Bishop Mark Lawrence

Q: We’ve been hearing a lot that this time around Lambeth is a conversation. Do you feel people are really listening to each other and are taking in different points of view?

A: Oh, I think so, at different levels, and I think there’s a tendency to kind of peel off, like the layers of an onion, the concerns that each of us brings to the conversation, and then there’s a tendency to back off. It’s like we’ve entered into the pain that divides us, and now we don’t know if we want to continue this or not. It’s getting too tense, it’s — so there is that ebb and flow in this conversation. I would say also that from my standpoint as a bishop, as a new bishop underneath this whole church, the conversations with my brother bishops from Sudan and their wives from Sudan, from Ghana and places of great hardship has broken my heart on more than one occasion and suggested that, though I already have as much weight as I need to have, as many responsibilities as I need to have, do I really need their burdens placed upon me? And yet as God deepens our responsibilities I trust that he enables our shoulders to bear that responsibility as the need is placed upon us, so I’ve found myself making links with people that I want to continue. How can I forget their problems, how can I forget their sufferings when I return back home? And I need their clarity, their connection, their courage in the midst of persecution, in the midst of difficulties, in the midst of the overwhelming demands that pale — causes the mind paleness.

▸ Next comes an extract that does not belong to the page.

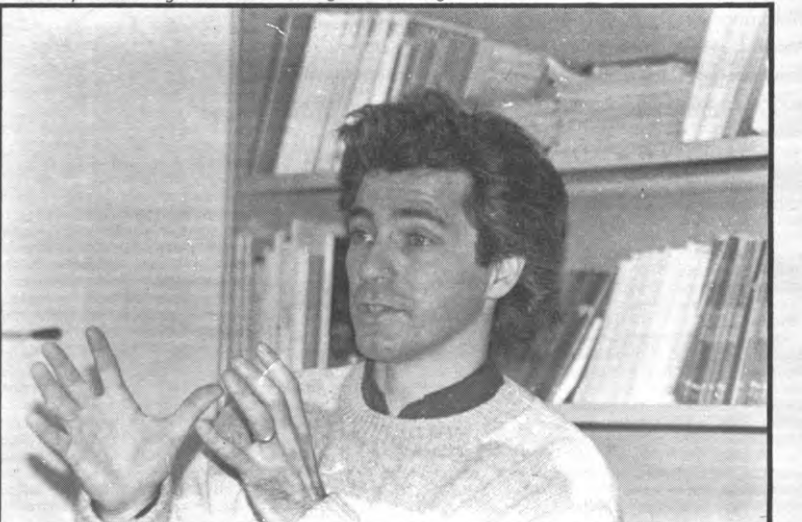
Ook in de verenigde staten is er een kloof tussen burger en politiek

Q: Are you getting a sense of the diversity within the Communion?

A: Oh, the cultural context from which people come — it boggles the mind and expands the heart, and so absolutely.

Q: There has been a lot of talk about Anglican identity and what is it that truly makes an Anglican. Is that up for debate?

A: I honestly have to say that my sense of being an Anglican hasn’t changed at all. I would say my grasp — the breadth has deepened, and the depth of the need for our relationship to continue and to go to that next level of fellowship, but my understanding of Anglican identity hasn’t changed.

Q: Do you think it’s changing around you, though?

A: I haven’t the slightest idea. I would hope that it is, but maybe that’s presumptuous. Maybe they have as good a grasp of what they think Anglican identity is.

Q: You’re in a diocese that’s been uncomfortable with some of the things that have been going on in the US church. How has that placed you here in the conference? How are you fitting into the conversations?

A: Well, it’s an interesting experience because on a local level, that is, within the Episcopal Church USA, I’m in a minority position. In a conference like this I find myself in a majority, although not all, when they are introduced to me and then I say I’m from the Episcopal Church — sometimes they’re a little cautious as to where I am. They don’t know how quite to deal with me, and as we begin to talk, certain things are said in the conversation that enables them to understand that I’m not with the majority opinion, and then there is an equal level of fellowship that follows.